On that first day, Benya noticed that there was a girl named Stalina who sat next to one called Peshkova at the back of his class. He could only wonder at the vagaries of this world where a man could travel from a death sentence for planning to assassinate Stalin one day to teaching his daughter about Onegin the next. He paid no attention to her but when he handed back their first essays, he saw each child in turn for a tutoring session after class. After all, he had nothing better to do. He was living quietly, and had no wish to become the flâneur of the 1930s – that had cost him dear. He was just happy to breathe the free air.

When he talked to Peshkova, he told her that he had known her grandfather Gorky, who had corrected his first articles. ‘I was a writer once,’ he said.

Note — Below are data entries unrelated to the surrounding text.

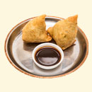 小麦粉で作った皮に具を詰めて揚げたインド風スナック。具は、スパイシーポテト(ベジタリアン)または牛ひき肉入りを選べます。
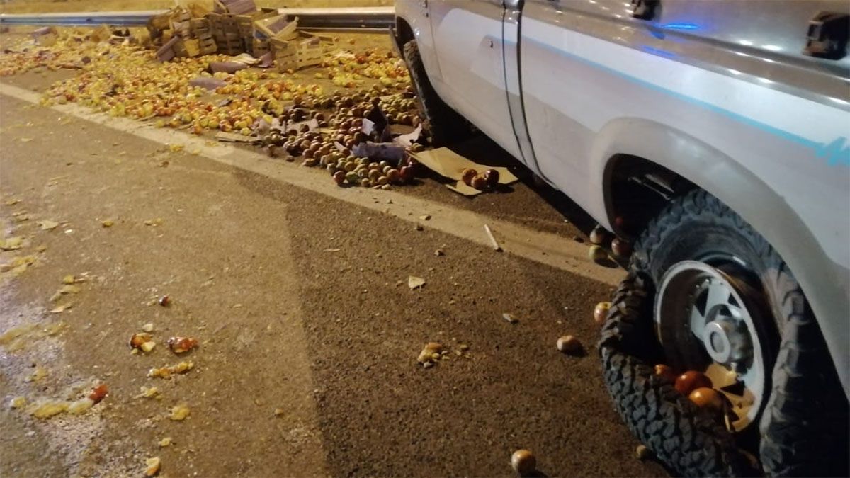 Como consecuencia el conductor perdió el control, giró sobre la calzada y chocó contra el guardarrail izquierdo. El vehículo quedó en sentido contrario y la carga desparramada por toda la ruta.
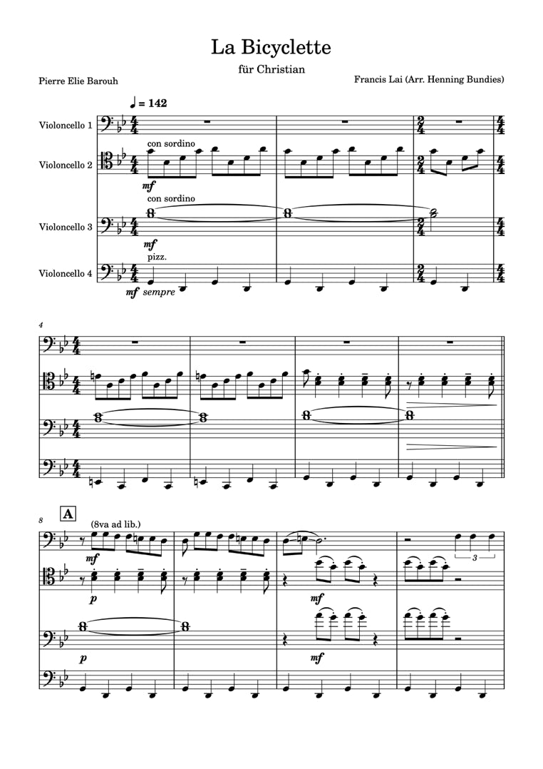 2022 Arr.: Francis Lai, La Bicyclette 4 Violoncelli

Then it was the turn of Stalina. He saw no resemblance to her father. Perhaps she was more like her mother? Her essay showed her intelligence, her culture. He talked to her frankly, as if she was anyone else. And he wondered about her. He agonized. Just when he was free again, he faced this dilemma that could entangle him in her family. But also he knew about Love, its agony and its necessity for living, and tried to keep the memories of his own loves – of which there were really only two – fresh in his mind. There had been his first mature love, the fatal liaison with Sashenka; and those hurried days, hours really, with Fabiana. He saw their ride across the Don, and the moment she died. What an exceptional person she had been, how I let her down by failing to protect her, he thought. Whether my home is a small apartment or a prison cell, loving is what keeps the stars in my sky. You give up one truth after another, you compromise every day, but you always hold something back – you keep the jewels in the secret casket locked with the golden key in the final alcove within the unbreakable strongroom of the last tower of the fortress of your self – and that you never give up.